To prove the perception point further, we talked to asset owners who purchased RSMACC and who assumed the authentication was required prior to controller access. We talked to RA systems engineers and third party integrators who assumed this was true, but never could explain how it could work when a CPU lock password was not ever entered by the user or in AssetCentre. After a few weeks we finally found someone at RA who knew the details.
Suggestions for RA
These were the unsolicited suggestions we made to RA last year. We do not know if any have been implemented (anyone in the know please let us know so we can update this and the SCADApedia) or are planned for a future release. To the best of our knowledge there are no announced plans to secure the AssetCentre to contoller communications.
1. Immediate Action
There is a relatively simple solution that is far from perfect but would be a dramatic security improvement. Integrate CPU Lock in AssetCentre. When AssetCentre is communicating with a controller it would unlock the controller, perform all actions, relock the controller.

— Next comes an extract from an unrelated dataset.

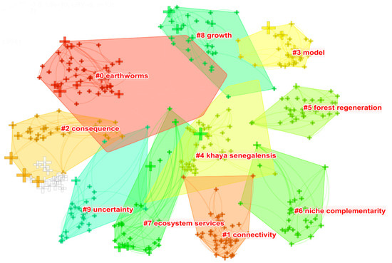 The keywords for forest ecological benefit compensation research could be clustered into ten categories: earthworms, connectivity, consequence, model, Khaya cenogenesis, forest regeneration, niche complementarity, ecosystem services, growth, and uncertainty (Figure 8). They were sorted from 0–9, with a smaller number indicating that the cluster contained more keywords. Multiple closely related words formed each cluster, in which keywords were explicitly used in “Cluster Explorer” using the logarithmic likelihood rate (one of the cluster label word extraction algorithms) algorithm to produce the keyword co-occurrence network cluster table (Table 6).

This would not require any changes to the controller code. The CPU Lock password could be entered only in the AssetCentre, and users would be authenticated to AssetCentre with unique username and passwords via FactoryTalk. User and attackers could no longer circumvent AssetCentre.
Of course the controller would be vulnerable for other attackers during the time AssetCentre had it unlocked and the CPU Lock messaging is not secure. So it is not a long term solution.
2. Better Solution
Update the CPU lock function in the controller and AssetCentre to a secure authentication protocol and restrict unlocked access to the session that sent the valid unlock message.
This would still only support one account and have limited logging, but asset owners that require this could get those controls by deploying AssetCentre.
3. Best Solution
The standards bodies are working on this. It would include support for multiple user accounts on the controller, strong authentication, better error message logging, etc.
Of course, the other immediate solution from an asset owner perspective is to continue to use RSLogix with the CPU Lock utility and avoid the FactoryTalk solutions until this security issue is addressed.